You can use HN Search to verify that HN sees plenty of comments "saying
anything against China". The topic is extremely flame-prone because people are
wont to hurl generalizations at each other, and worse. Nationalistic flamebait
and flamewar is a big problem on HN [2] and destructive of the spirit of this
site [1]. Individuals have been attacked here for just for expressing their
views while being (or being assumed to be) Chinese, and at least one person
was hounded off the site altogether. I'm sure you'll agree that that's
shocking and not at all the community we want to be. None of us wants it, but
it's easy to get it anyway, once such flames get going.

I don't think your comment was nationalistic flamebait, except insofar as it
was rather unsubstantive. Unsubstantive comments on inflammatory topics are
guaranteed to come across in a flamey way to some segment of the readership,
even when that wasn't your intent. Intent doesn't communicate itself,
unfortunately, so the burden is on the commenter to disambiguate [4].

[1]
[https://news.ycombinator.com/newsguidelines.html](https://news.ycombinator.com/newsguidelines.html)

[2]
[https://hn.algolia.com/?dateRange=all&page=0&prefix=true&que...](https://hn.algolia.com/?dateRange=all&page=0&prefix=true&query=by%3Adang%20nationalistic&sort=byDate&type=comment)

[3]
[https://news.ycombinator.com/item?id=21200971](https://news.ycombinator.com/item?id=21200971)

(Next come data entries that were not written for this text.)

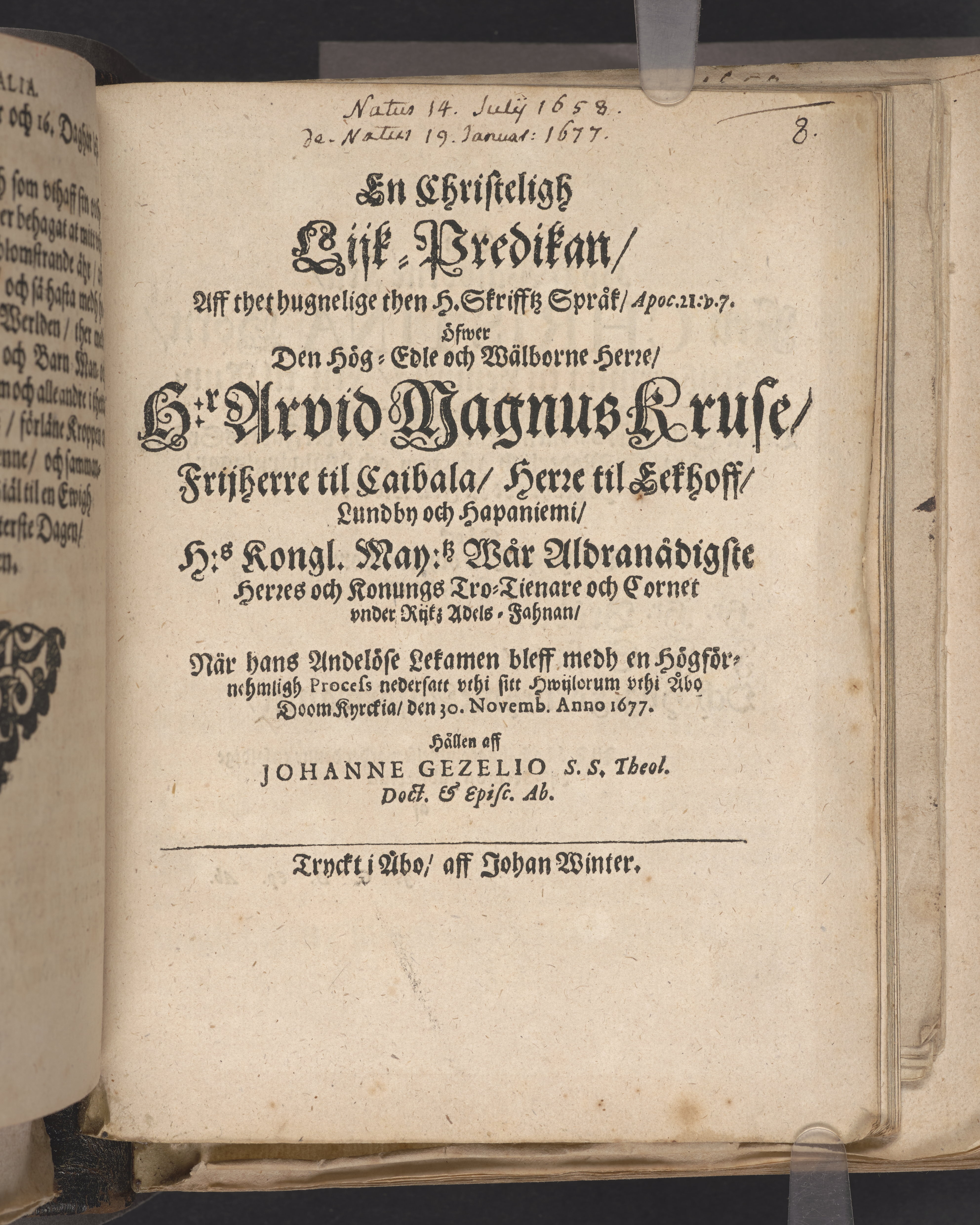 En christeligh lijk-predikan ... öfwer den hög-edle och wälborne herre, H:r Arvid Magnus Kruse, frijherre til Caibala ... vthi Åbo doomkyrckia, den 30. novemb. anno 1677. Hållen aff Johanne Gezelio ... Tryckt i Åbo, aff Johan Winter.
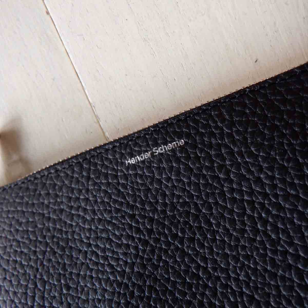 Hender Scheme エンダースキーマ シボのあるレザーで作成されたポーチ。 ファスナーはエクセラ。 bag in bagとしてもご利用頂けます。 size M(23 x 14.5 x 5.5cm) サイズ感の参考になればと、iPhone SE2を並べています。 color : black , white ※モニターによって色味が違って見える場合もございます。 made in JAPANHender Scheme エンダースキーマ
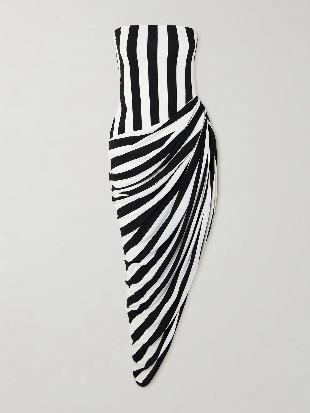 Balmain's dress embodies an '80s maximalist feel. It's cut from jersey with a strapless neckline and falls to a draped asymmetric skirt reminiscent of a pareo.
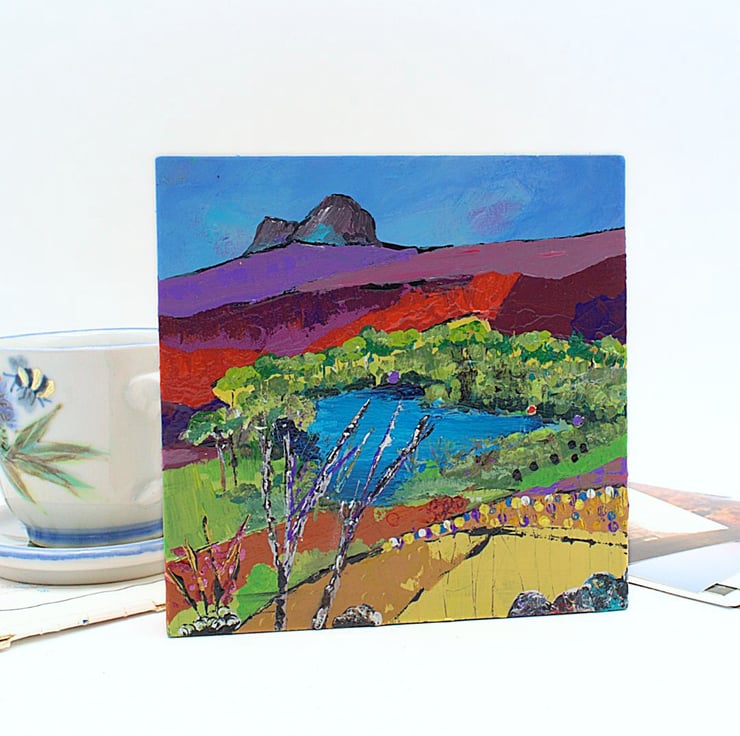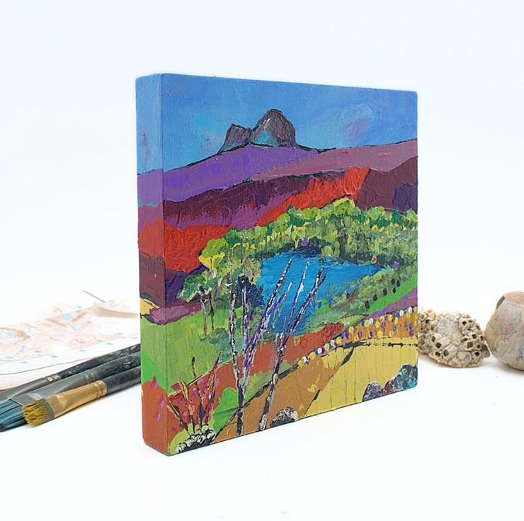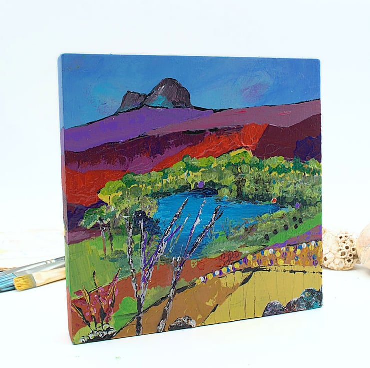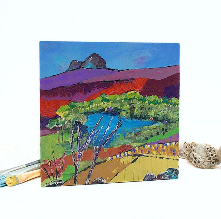 This small Scottish landscape painting is ready to hang. In the distance against a clear blue sky, we can see the great mountain Suilven towering into the heavens. It over looks the hills, bogs and lochs across its vast area. This semi-abstract piece has been completed using professional quality acrylic paints which have been applied using a mix of brushes, knives and twigs.

[https://news.ycombinator.com/item?id=21195898](https://news.ycombinator.com/item?id=21195898)

[https://news.ycombinator.com/item?id=19404162](https://news.ycombinator.com/item?id=19404162)

[https://news.ycombinator.com/item?id=22608635](https://news.ycombinator.com/item?id=22608635)

[4]
[https://hn.algolia.com/?dateRange=all&page=0&prefix=false&qu...](https://hn.algolia.com/?dateRange=all&page=0&prefix=false&query=by%3Adang%20burden%20disambiguate&sort=byDate&type=comment)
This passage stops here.